I found myself constantly asking basic questions about the build process: “Where does the multipass configuration live? Why do the various VMs appear to stomp on each other in the build process? Can I give a VM extra RAM or CPU horsepower? Can I reconfigure a VM post spin-up? Can I rename a VM?” Some of these I still don’t have a clue about. These paper cuts will continue to impede adoption of snaps even if they’re a great solution to a common set of problems. That said, snaps are quite close to being ready for primetime. The documentation leaves a lot to be desired, but the paper cuts these days are just that, paper cuts.
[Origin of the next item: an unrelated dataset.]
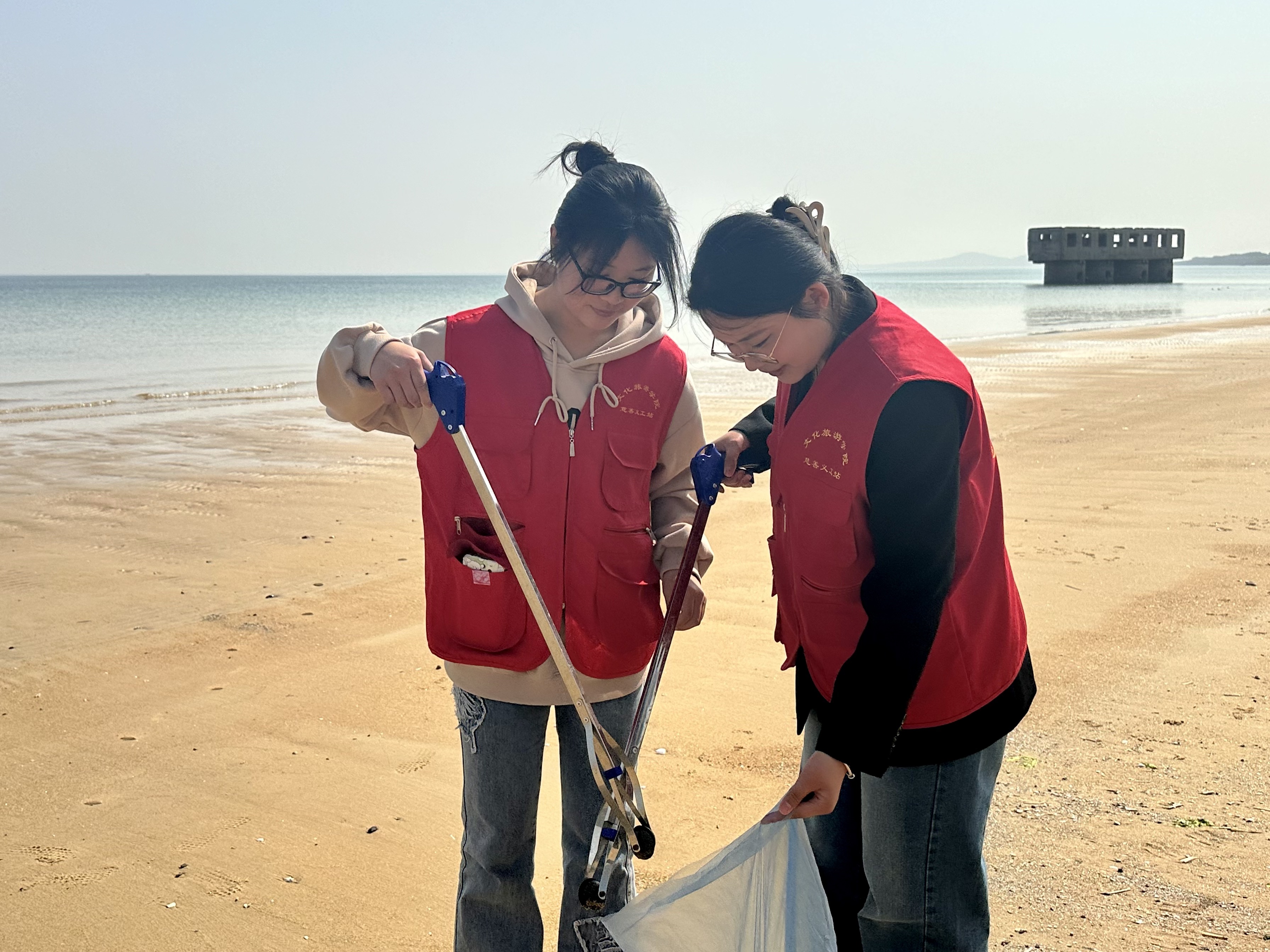 来到天越湾海滩,文旅学子身穿红马甲、手持垃圾夹和垃圾袋,两人一组,分工明确、配合默契,对海滩的垃圾进行“地毯式”清理,垃圾袋很快被废渔网、塑料袋、玻璃瓶填满。此次活动共清理了约1000米海岸,文旅学子以实际行动践行了环保理念,传递了正能量。活动结束后,同学们纷纷表示,虽然辛苦,但看着洁净美丽的海岸线,成就感和自豪感油然而生。22级应用英语1班的周新如同学说:“地球是我们唯一的家园,保护环境、善待地球是我们共同的责任。同呼吸共命运,绿色地球你我守护。”
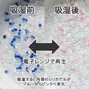 除濕粒子從藍色 ➭ 變粉紅時,代表已吸足水分!

They aren’t debilitating wounds.

Having never tried to bundle a Flatpak or Appimage I don’t have full insight, but I don’t think these particular pain points (or anything else I’ve mentioned) are unique to snaps. Flatpack has confinement problems like snaps, it has a confounded build system, and I suspect it has similarly sparse documentation.
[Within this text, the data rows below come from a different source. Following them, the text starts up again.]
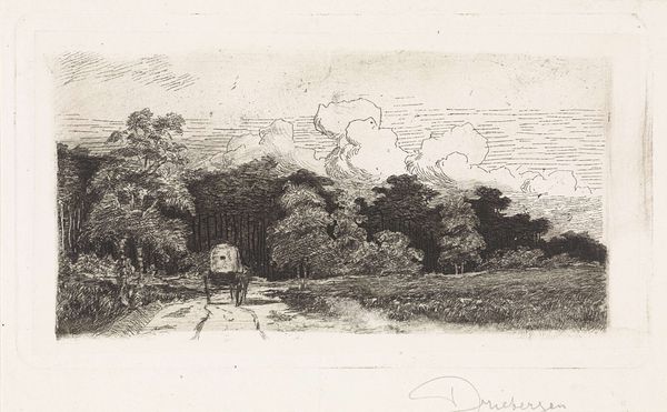 Curator: Elias Stark created this etching, "Huifkar op een weg te Driebergen" – which translates to "Covered Wagon on a Road in Driebergen"—possibly around 1887. It's currently held in the Rijksmuseum. What are your initial thoughts? Editor: It feels melancholic, doesn't it? The stark contrasts, the solitary wagon…it evokes a sense of quiet isolation. There’s a distinct absence, almost like the afterimage of a story that’s already unfolded. Curator: Stark captures that feeling through the masterful use of light and shadow. The wagon, receding into the distance, can also symbolize a turning away from the industrialized city towards nature. We see such motifs appear often when the populace fears modernity. Editor: I appreciate the suggestion of retreat. It brings up a critical question: for whom was this imagined rural simplicity accessible? The "covered wagon" wasn’t just a means of transport, it speaks volumes about class and opportunity. For marginalized groups, particularly those displaced by urbanization, this kind of retreat was more dream than reality. Curator: Indeed. It is important to keep in mind that while ostensibly apolitical, landscape scenes always serve some specific ideological purpose. Think, for example, of the enduring motif of "the road". Stark renders it particularly rough here, which speaks to the limits of travel. Editor: That reminds me how visual culture plays a role in constructing social hierarchies. Who gets to travel comfortably? Whose journeys are memorialized? There’s also a distinct romanticizing effect—the soft pencil shading suggests the peacefulness of rural life, which is often at odds with the very difficult agrarian reality. Curator: Absolutely. The artist has transformed pencil markings into a form of personal visual storytelling. If we compare it to contemporary landscape depictions, we note the absence of peasants or rural laborers toiling in the fields. Perhaps that choice is to present a specific idyllic view of the past? Editor: A constructed vision, no doubt. The imagery invites a contemplation of belonging and exclusion, and it provokes urgent considerations of progress and power. Art like this is never truly innocent; it reflects, reinforces, and sometimes resists dominant narratives. Curator: I hadn't thought of the wagon as necessarily moving away, but simply enduring, a permanent fixture along the country roads. Thank you for enriching the experience of witnessing it through these important sociohistorical lenses. Editor: And thank you for illuminating the symbols embedded within. It truly brings home how essential interdisciplinary understanding is to engaging with historical artworks responsibly.
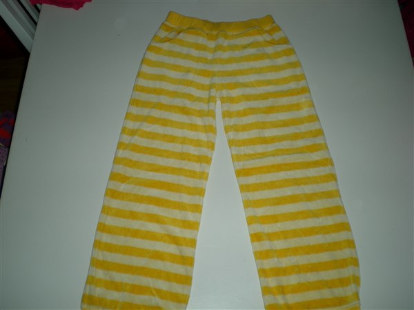 Velour bukser, gul/vanille, str. 128. Nye. 100kr.
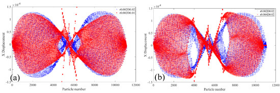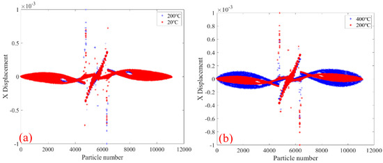 Figure 16 shows the comparative analysis of displacement changes in the X direction of the 2020× specimen at 20 °C and 400 °C. By comparing Figure 16 and Figure 13, it can be seen that the displacements of PD particles in the X-direction of the two types of specimens are similar. The PD particles of specimen 2010× are around the numbers 4300 and 6300, and the displacements in the X-direction are abrupt, while the PD particles of specimen 2020× are around the numbers 4000 and 7000. In both cases, PD particle displacements in the X-direction in the middle region of the two initial cracks of the specimen are close to 0 mm. Figure 16b shows the PD particle displacement in the X-direction of the upper part of the 2020× specimen. It can be seen that the PD particle displacement in the X direction of the specimen at 600 °C is larger than the PD particle displacements at 20 °C.

I’m left in resignation that packaging will always suck to learn, but on the upside, soon a really cool binary hacking tool will be accessible to users of likely quite old Ubuntu releases.


  1. SOAPBOX: has anyone who isn’t a kernel maintainer ever tried to rebuild the kernel package? How many build failures did you go through before you finished? Do you have any faith in the final output being “correct”? 

  2. See Cawbird for the project fork since Corebird’s demise.